My pal Sue still had another day free to wander with me this week, and on Thursday we chose another favorite nature haunt, one that we've made up our own special name for. We call it Pyrola-ville. This is a section of the many-acred Cole's Woods in downtown Glens Falls, where five years ago we came upon a large population of One-sided Pyrola (Orthilia secunda), a flower we'd found nowhere else in our regular wanderings. We try to revisit this wooded plot each year, and I'm happy to report that One-sided Pyrola continues to thrive where we've always found it, in our special Pyrola-ville. Here's what it looks like when it's in bloom, as it was this week:
One-sided Pyrola (another common name is Sidebells Wintergreen) is not at all easy to find on the crowded forest floor, being small and greenish and hiding amid lots of other low green plants with similar leaves, such as this Shinleaf Pyrola (Pyrola elliptica) pictured below, which was just coming into bloom this week. But since Shinleaf Pyrola is bigger and whiter of bloom than our little Orthilia, we can spy it first, and that's when we know to start searching for the Shinleaf's more minimal cousin.
Another common denizen of Pyrola-ville is the glossy-leaved Pipsissewa (Chimaphila umbellata), which this week is dangling small rosy orbs, the buds of its pink-tinged white flowers.
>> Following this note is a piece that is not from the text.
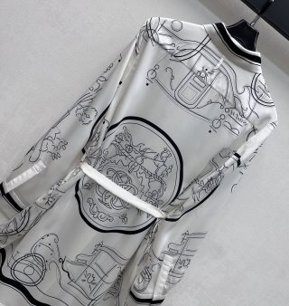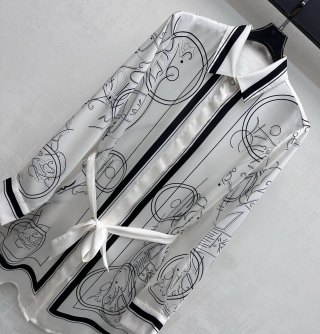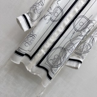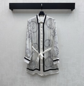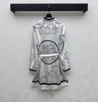 Silk Printed Belt Shirt Dress / Long Sleeve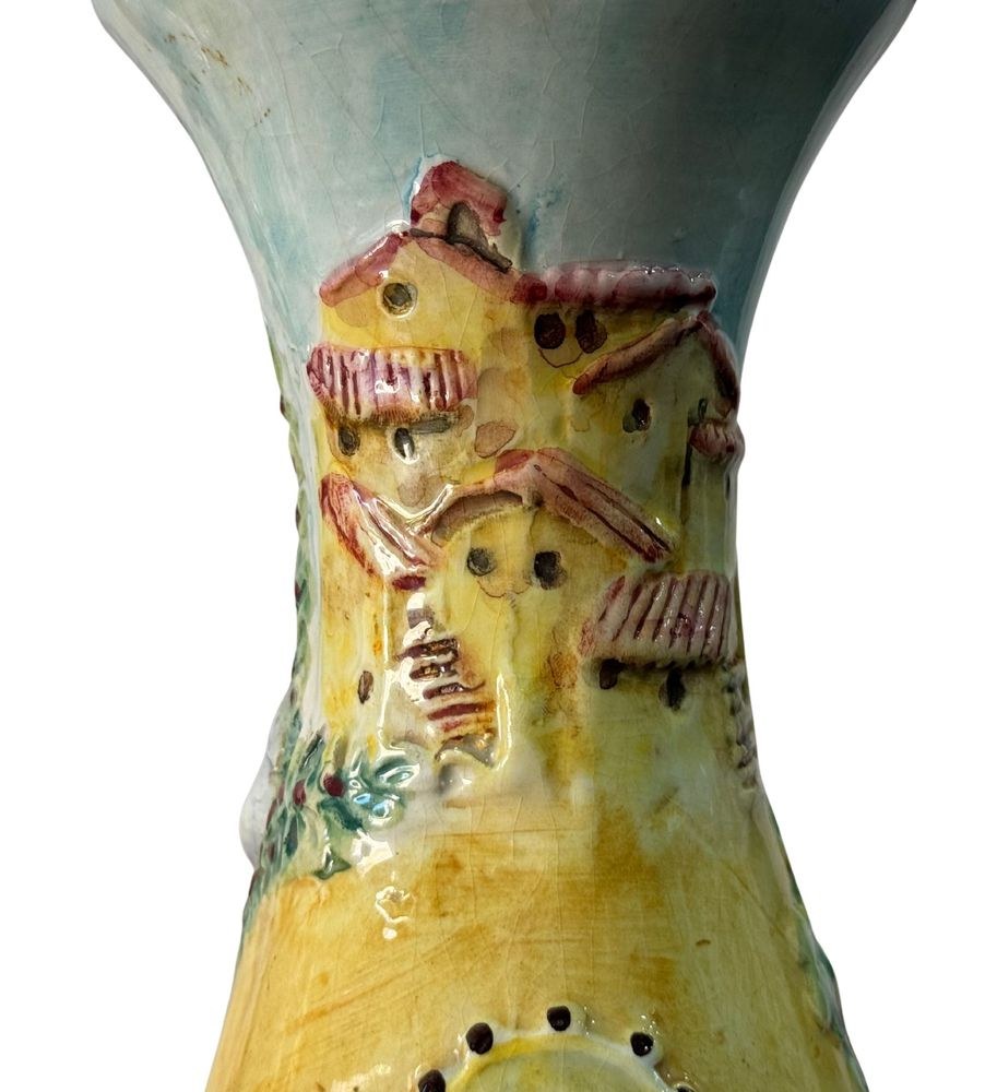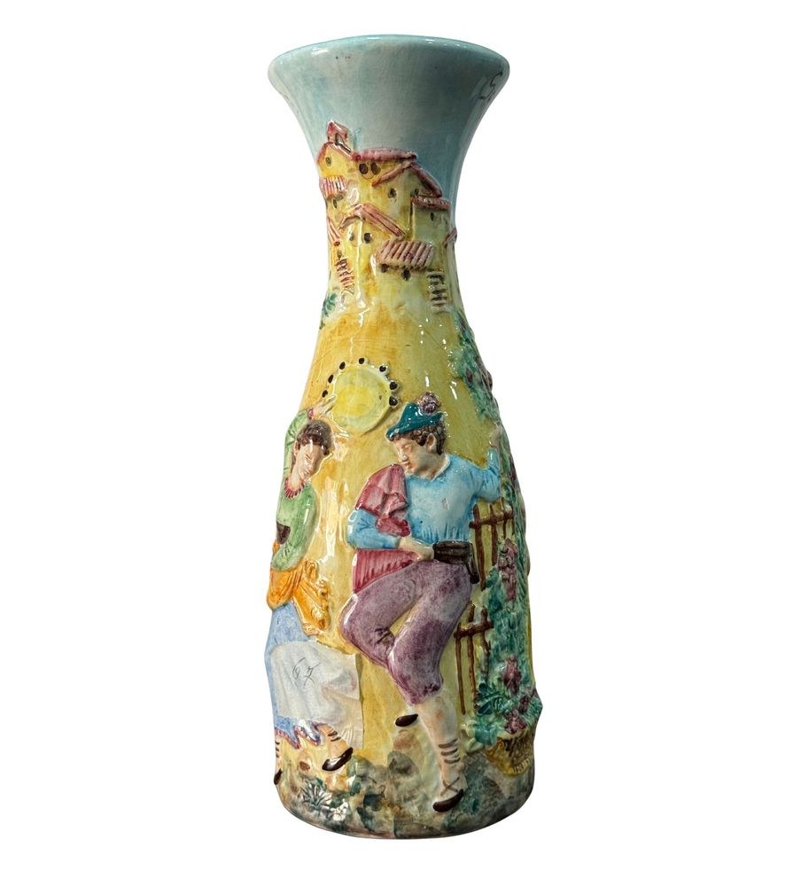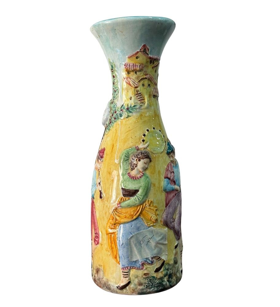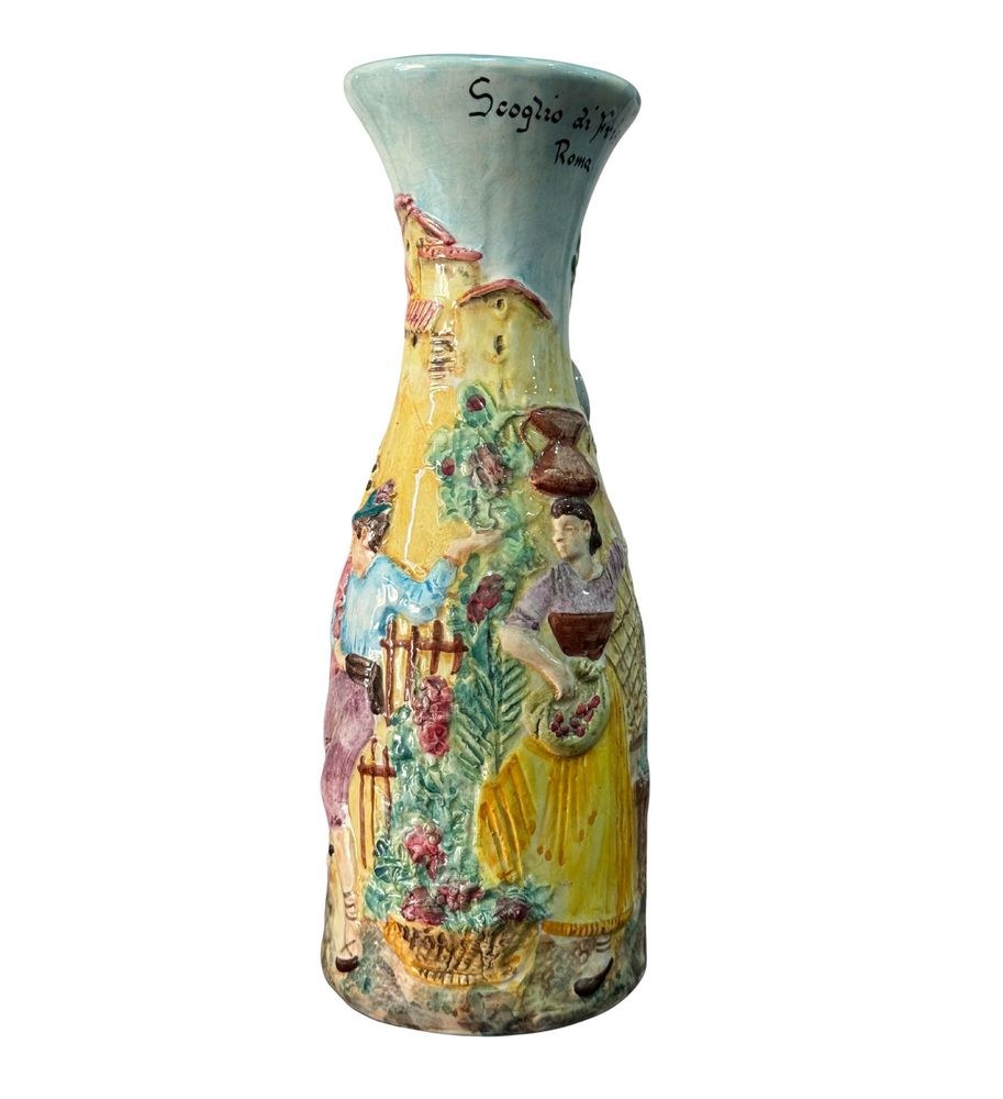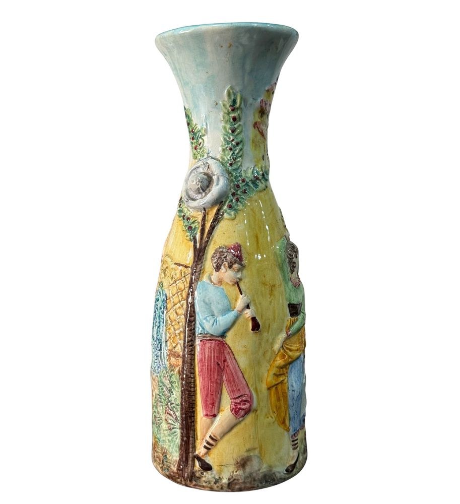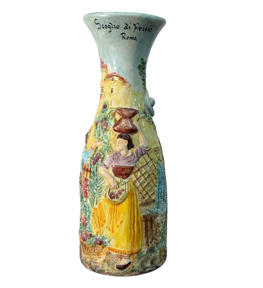 Glazed ceramic vase, 20th century, depicting figures. Inscribed at the top: *Lo Scoglio di Frisio*. Dimensions: 33 x 12 x 12 cm. The piece is in good condition.

More glossy green leaves belong to the masses of Partridgeberry (Mitchella repens) carpeting this and many other sections of Cole's Woods. This week, those glossy green patches are spangled with the tiny white twin trumpets that will eventually produce the bright-red berries. This is the only plant I know of that requires two fertilized flowers to produce one berry. Plenty of last year's berries still decorate these beautiful patches. Can you see how each berry possesses two blossom ends?
As for red berries, now is the time to be dazzled by the spectacular display put on by Red-berried Elder shrubs (Sambucus racemosa). Go look for them in a woods near you, or stop by for a walk in Cole's Woods. We passed by many of these gorgeous shrubs on our way to Pyrola-ville.